» Task brief:
Using the entries below, copy exactly each line from the line with "王座四周设有四座守护塔;争夺" up to and including the line with "А как ты думаешь, о", with every picture left out.

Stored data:
╔══

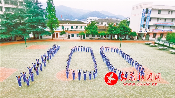 (6月25日,石泉縣城關(guān)鎮(zhèn)中心小學“童心向黨輝煌百年”主題教育活動中,學生組成“100”、心形等字樣造型方陣,手揮國旗,齊聲高呼:祝中國共產(chǎn)黨生日快樂!杜懷 許啟軍 攝)
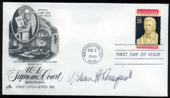 Chief Justice William Rehnquist Signed First Day Cover Commemorating 200th Anniversary of Supreme Court
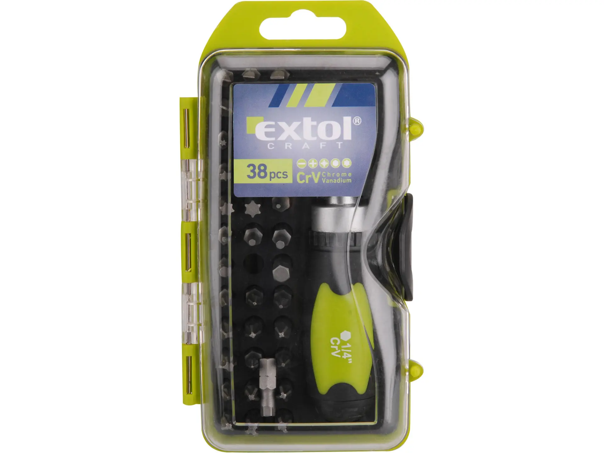 (-) 3-4-5-6-6-7mm, PH 0-1-1-2-2-2-3-3, PZ 0-1-1-2-2-2-3-3, HEX 1,5-2-2,5-3-4-5-6mm, T 8-10-15-20-25-27-30-40, ráčnový šroubovák zakončený 1/4" šestihranem
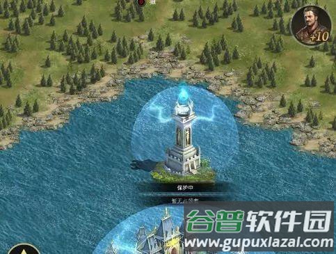 王座四周设有四座守护塔;争夺期间,联盟玩家可对守护塔进行单人行军或集结,行军抵达后再判定为增援或攻打行为,战损判定为百分百受伤;占领成功后,若王座非本联盟占领,守护塔将每十秒攻击王座一次,每次造成若干士兵受伤,并对王座内士兵施加负面状态;若王座由本联盟占领,则守护塔停止攻击;每多占领一座守护塔,对王座造成的士兵消耗数量增加;例如,占领一座时单个守护塔攻击力为一百,占领两座时单个攻击力提升至二百,两座总计四百;占领三座时单个攻击力为三百;占领四座时单个攻击力达四百,四座总攻击力为一千六百。
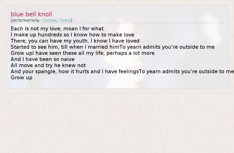 А как ты думаешь, о чем песня "blue bell knoll" ?
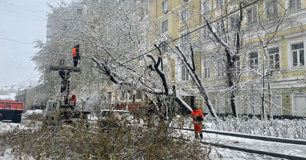Почти на 2 мм побит также абсолютный суточный рекорд по осадкам 1880 года. Высота снежного покрова в среднем по городу — 3 см, но в отдельных местах образовались сугробы до 10 см, рассказывает Евгений Тишковец. Эти сугробы усугубляются гололедицей под ними и шквалистым (до 20–25 м/с) ветром над ними. За ночь этот самый ветер вкупе с налипшим на ветви снегом повалил десятки деревьев по всему городу.
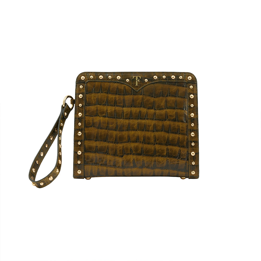 Layla Mystique Clutch - Olive Croc Effect
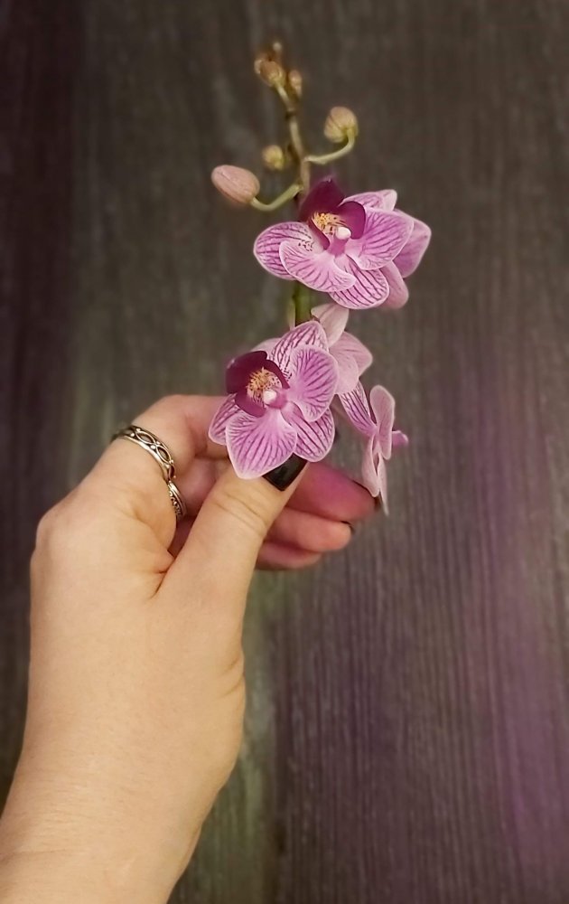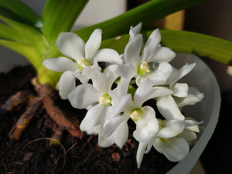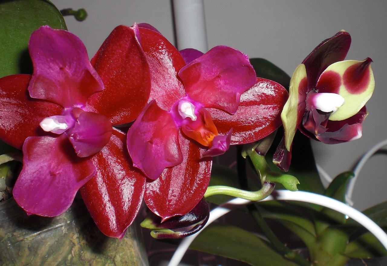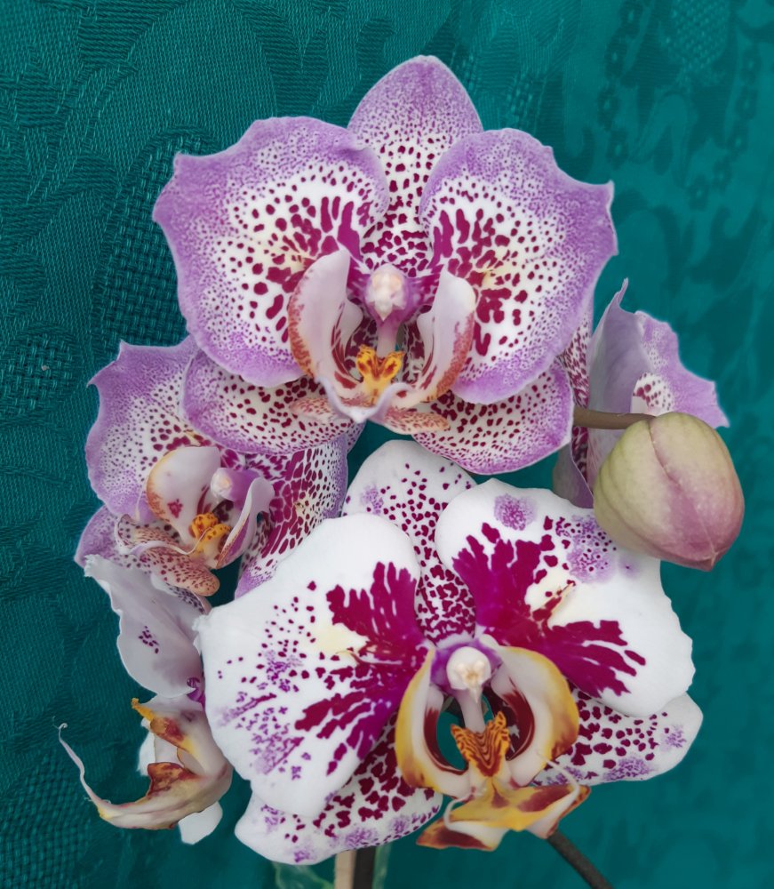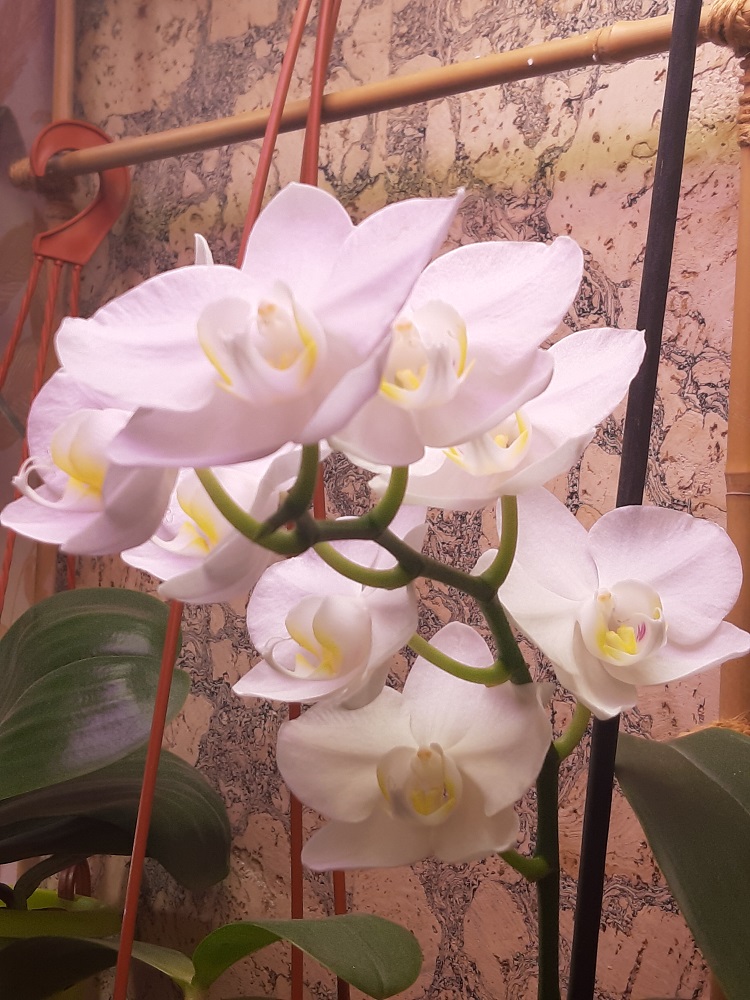 так она цвела в октябре . Лето видимо выдалось очень ей по вкусу - цветы были по 21 см ( только представьте ) в размахе. Но ростов дала много, декабре цвела с роста без чехла ( я думал с ней такого не бывает , но нет- бывает) а сейчас ( о боже ) последние два ( с чехлами) роста снова цветут

╚══

» Task solution:
 王座四周设有四座守护塔;争夺期间,联盟玩家可对守护塔进行单人行军或集结,行军抵达后再判定为增援或攻打行为,战损判定为百分百受伤;占领成功后,若王座非本联盟占领,守护塔将每十秒攻击王座一次,每次造成若干士兵受伤,并对王座内士兵施加负面状态;若王座由本联盟占领,则守护塔停止攻击;每多占领一座守护塔,对王座造成的士兵消耗数量增加;例如,占领一座时单个守护塔攻击力为一百,占领两座时单个攻击力提升至二百,两座总计四百;占领三座时单个攻击力为三百;占领四座时单个攻击力达四百,四座总攻击力为一千六百。
 А как ты думаешь, о чем песня "blue bell knoll" ?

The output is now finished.